With a little more than a week to reflect on the marathon, I have to say I’m pretty chuffed with myself. I have to remember that when I started this year, and set a goal, it wasn’t to run a marathon. I set out in January with the intention of running 52.4 competitive miles this year. Four half marathons, or two half marathons and a full marathon. I wanted to add to my medal collection and plan enough racing to make sure that my training for the races kept me fit.

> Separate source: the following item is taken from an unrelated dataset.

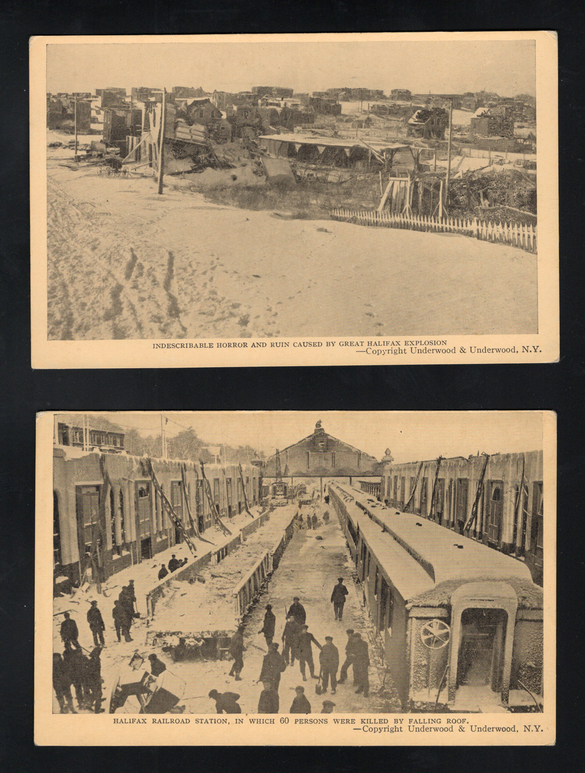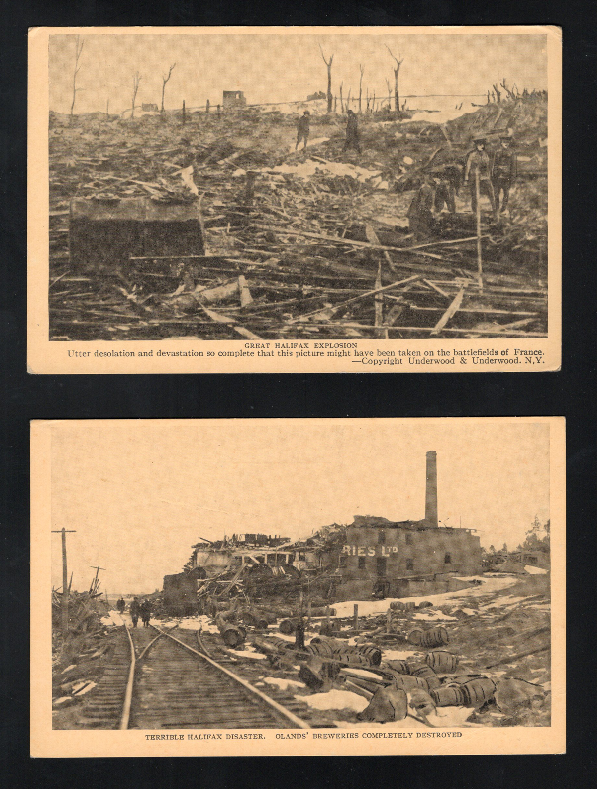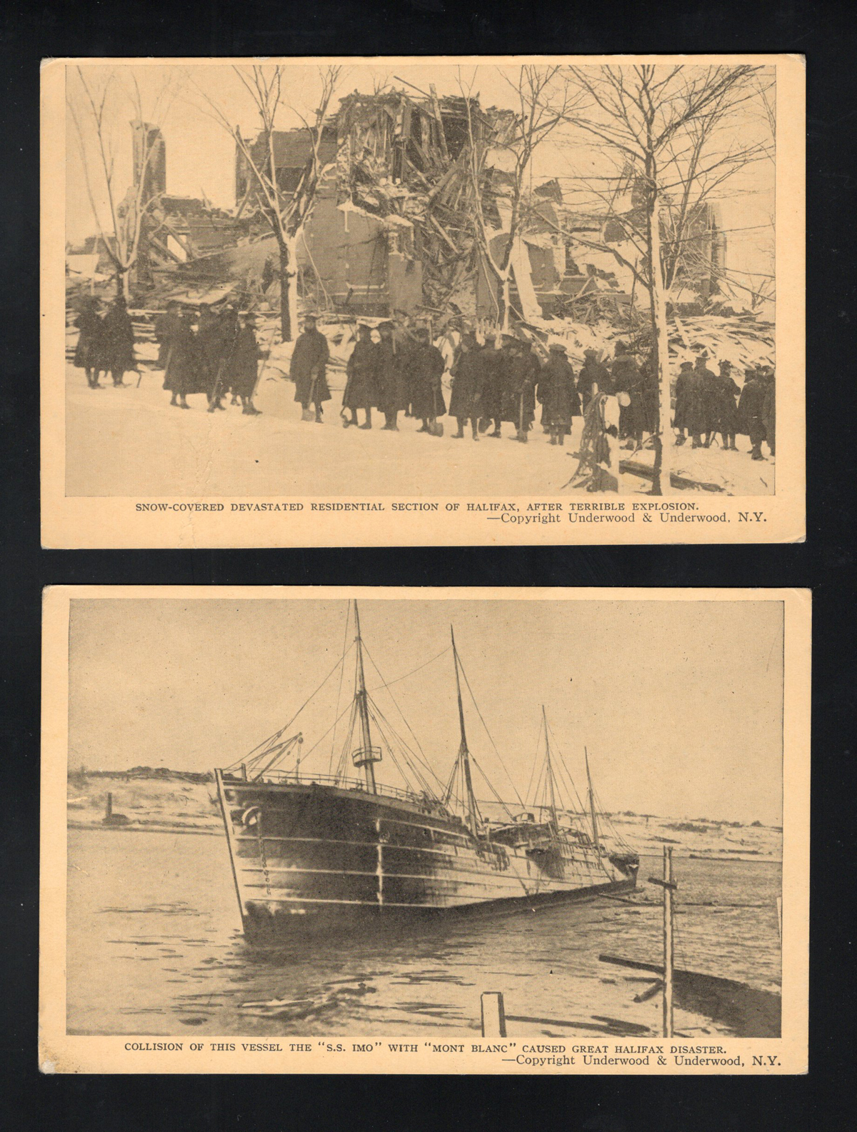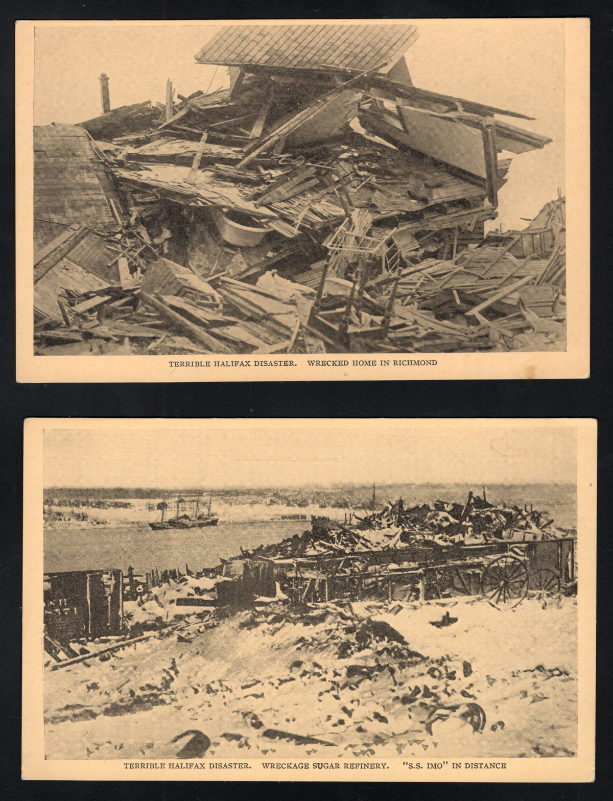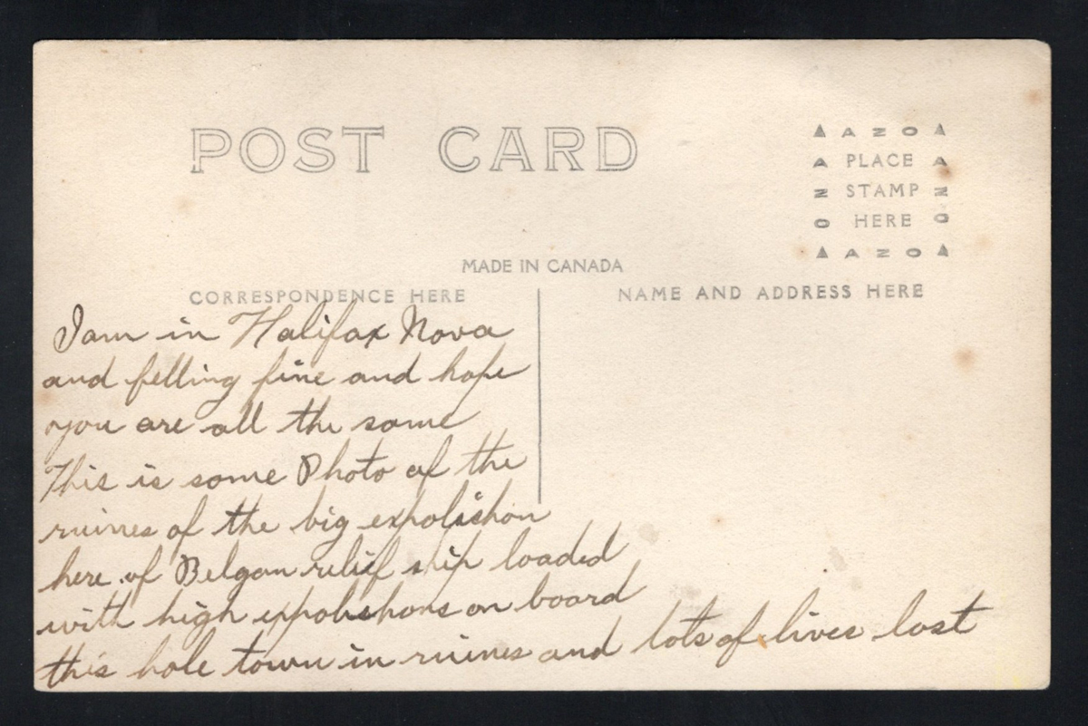 354 PC   imageca. 1917 Real Photo Postcard of the Halifax Ship Disaster, an unused photo card depicting twisted and burnt railway ties and train wheel assemblies in the snow, very fine. On the morning of 6 December 1917, the French cargo ship SS Mont-Blanc collided with the Norwegian vessel SS Imo in the Halifax, Nova Scotia harbour. The Mont-Blanc, laden with high explosives, caught fire and detonated, devastating the Richmond district of Halifax.

And I have already achieved that. I’ve run three half marathons, a full marathon, and a 10km race this year. That works out to 71.7 competitive miles. And I have one more half marathon in two and a half weeks. So that will work out to 84.8 competitive miles in 2015. To train for all that, I’ve run 1,091.6 miles this year so far. Well, probably actually about 2.5% less than that. Running with my watch, which has a better GPS device than my phone, I’m realizing the phone reads high. But regardless, I’m up over a thousand miles.

When we signed up for the marathon, BB immediately wanted to sign up for another half marathon shortly after. Her reasoning was that it would keep us motivated. She really didn’t want to burn out on running during the long, arduous training season for 26.2 miles. That’s why we planned (at her suggestion) for two days a week in the gym rather and an extra crosstraining day throughout most of the training plan. Keeping things mixed up was better for our overall fitness, and holds off burnout.

And it worked! I’m excited for the next race. I’m excited to keep running through the winter. Sunday BB and I ran 7.4 miles together, and yesterday I ran 4.9 miles with a couple of kids from work, at a 9:08 pace. They had 15 years on me, almost, but I kept up my pace and didn’t embarrass myself. Even though what was a tempo run for me was a recovery run for one of them. I’m taking the year step by step and making a commitment to myself and my relationship and my sobriety.

Running is not just about fitness or weight control for me, though those are powerful benefits. It’s about making a daily decision to live a life worth living. In that way, it’s exactly like my sobriety. Every day, I wake up and decide not to drink. Every day, I wake up and decide to take care of my physical condition. To do that, I have to plan out goals and adhere to a program.

2015 has been a good year. I’ve accomplished the things I set out to, and I find myself with emotional reserves left over. So I’m going to go run again. Tomorrow. The next day. One step after another, my partner by my side. Strong, sober, and hopeful.